Mark Sprague, state director of information capital for Independence Title, said he has been a kind of real estate economist and analyst in Central Texas for several years.

Like other industry professionals, Sprague agrees that single-family rental communities can bring many benefits for residents, but they must be well-maintained by property management.



“You’ve got to have property management into perpetuity so that community does not look [bad] in the future,” he said. ••Sprague said he has seen several examples of companies managing single-family rental communities poorly, and those communities ended up nearly going bankrupt. However, Sprague added he can see the communities growing as a trend.

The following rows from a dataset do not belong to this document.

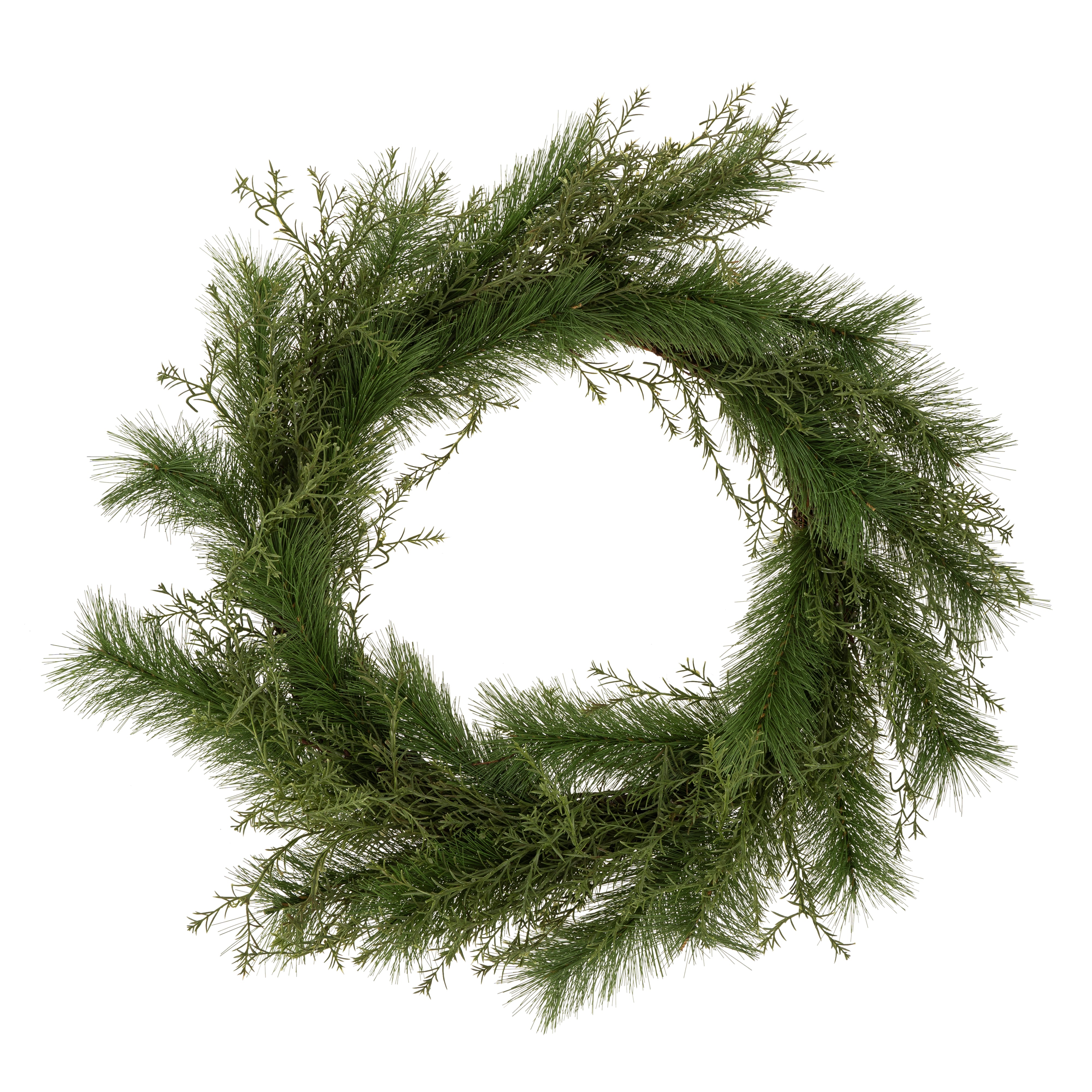 Greenery creates a significant impact in any space, and for the holidays we love using wreaths to create holiday moments throughout the home. Not everyone has a mantle, so we invite you to style the beautifully realistic Foraged Pine Wreath in unexpected places – above a contemporary fireplace, framed by a door, over a mirror, in the window or as part of a holiday vignette over a side console.
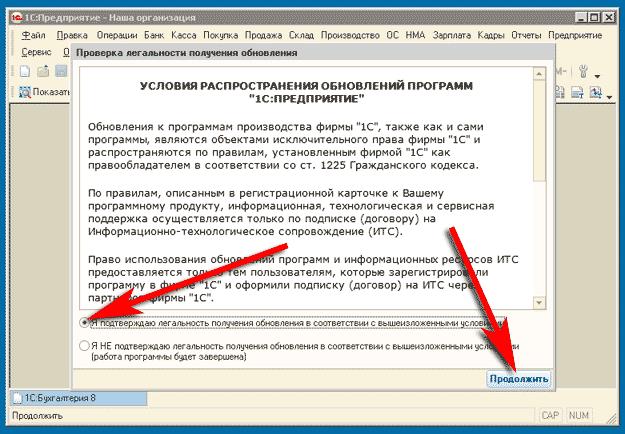 Після оновлення необхідно відкрити вашу базу в звичайному режимі (режим 1С:Підприємство) від імені користувача 1С з повними правами. Вам буде запропоновано прочитати умови розповсюдження оновлень програм 1С:Підприємство. Для початку роботи виберіть пункт «Я підтверджую легальність отримання оновлення у відповідності з викладеними вище умовами» і натисніть кнопку «Продовжити».
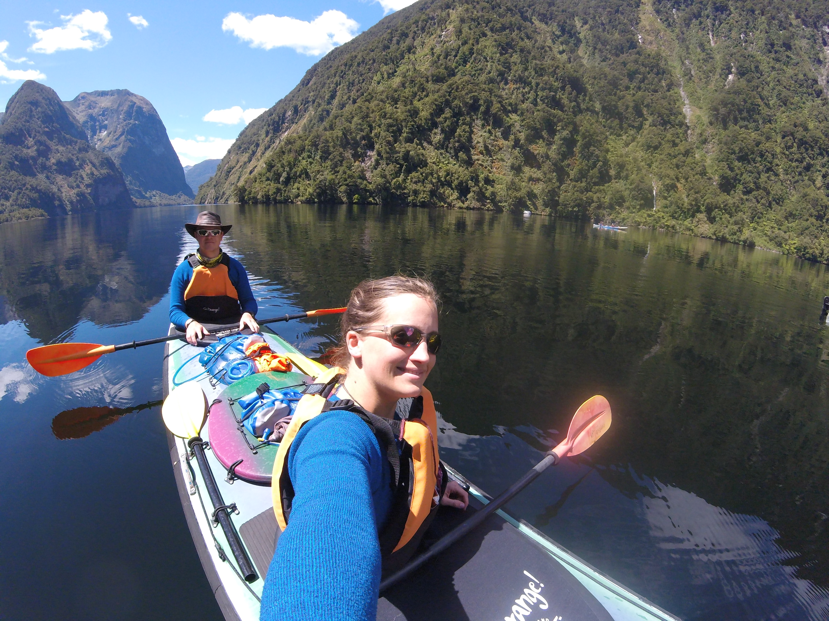 We got a treat on our first day, when following a group of birds on the water they dived instead of flying when we got too close! Closer inspection revealed them to be a raft of little blue penguins – perhaps around eight or so – quite a rare sight to see so many together. We saw very little wildlife, apart from a few fish the second day as we paddled round Elizabeth Island. The water here was clearer, allowing us to glimpse some of the underwater world, and see the cliff faces plummet through the water and on into darkness.
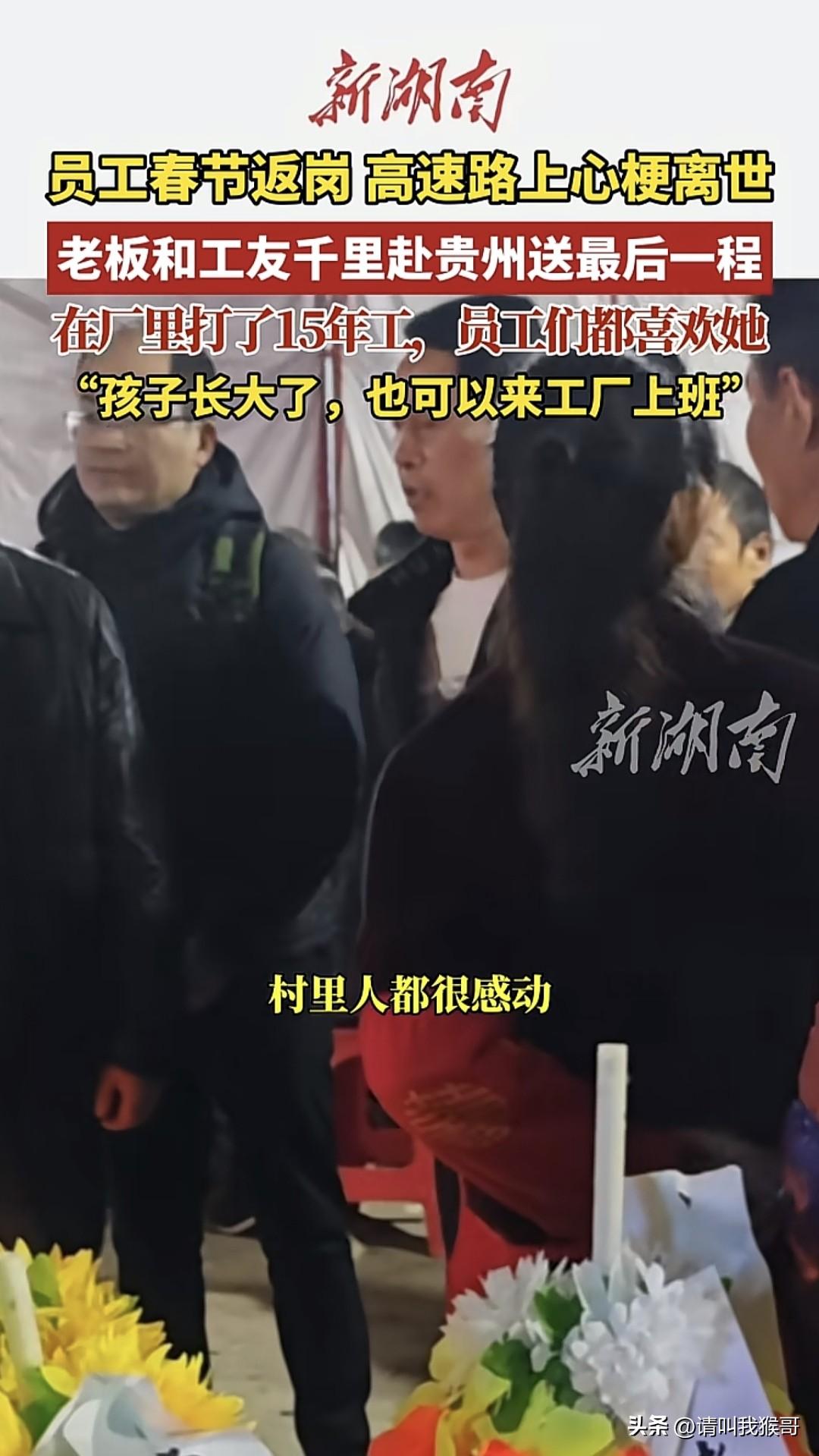 这大概是全网第一个员工去世,老板和工友辗转千里到其老家参加葬礼并送上慰问金的,不得不说这个老板很有人情味。贵州的练女士在这家公司已经工作了15年,在公司人缘很好,年后在返岗途中,因心梗离世,公司在得知消息后,老板和员工纷纷乘坐飞机和包车来到她的贵州老家,只为送她最后一程。老板还表示,练女士每年都是优秀员工,如果有必要,孩子大了也可以来工厂上班。这样的老板你觉得怎么样呢?
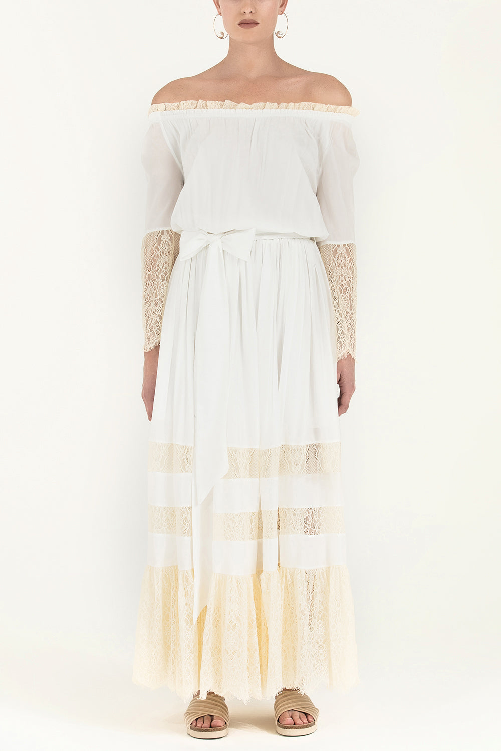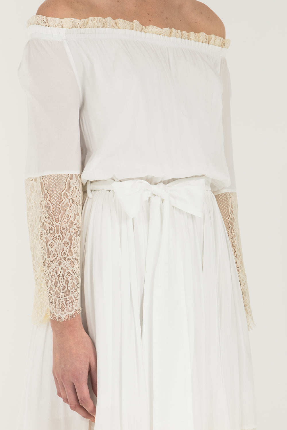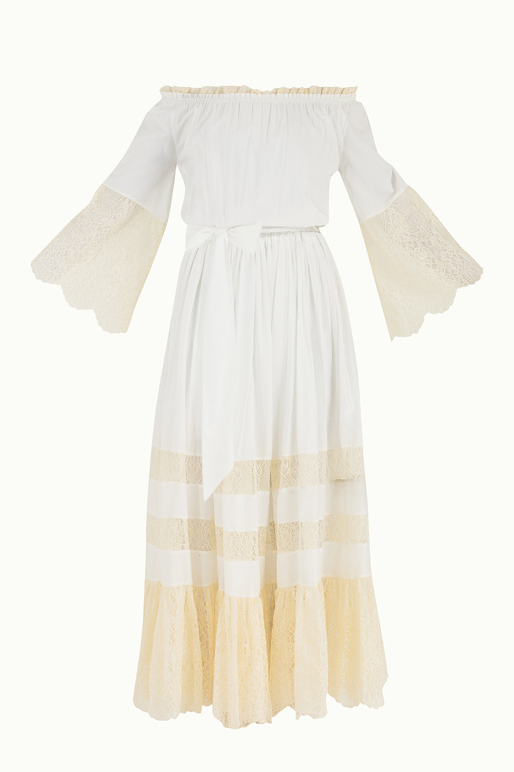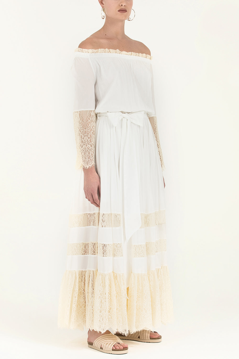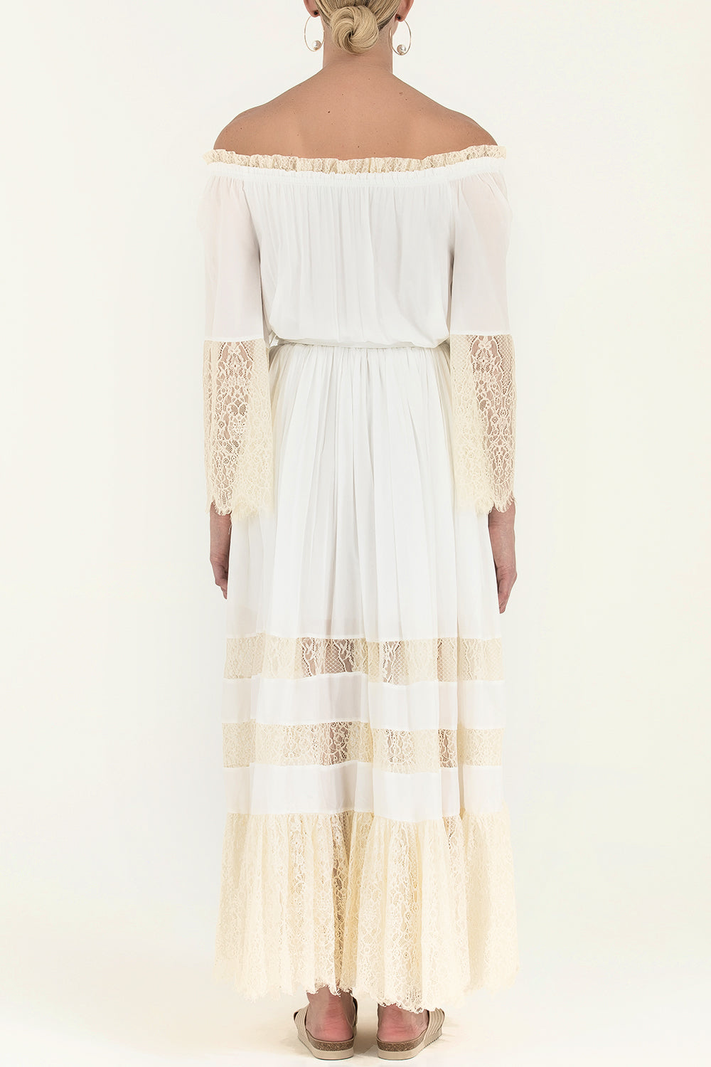 Beyaz Dantelli düşük omuz uzun elbise 92291

One reason is in Texas, property appreciation has risen 158% in the last 12 years compared to appreciation of between 40%-50% on either coast of the U.S., he said. ••Additionally, he said rents in Central Texas are rising quicker than in most of the country, and demand for rental units in the area remains high.

“I’m able to return my capital quicker [in Texas], there’s great appreciation, and there are higher rents per square foot that I can get on single-family [homes] versus apartments,” he said.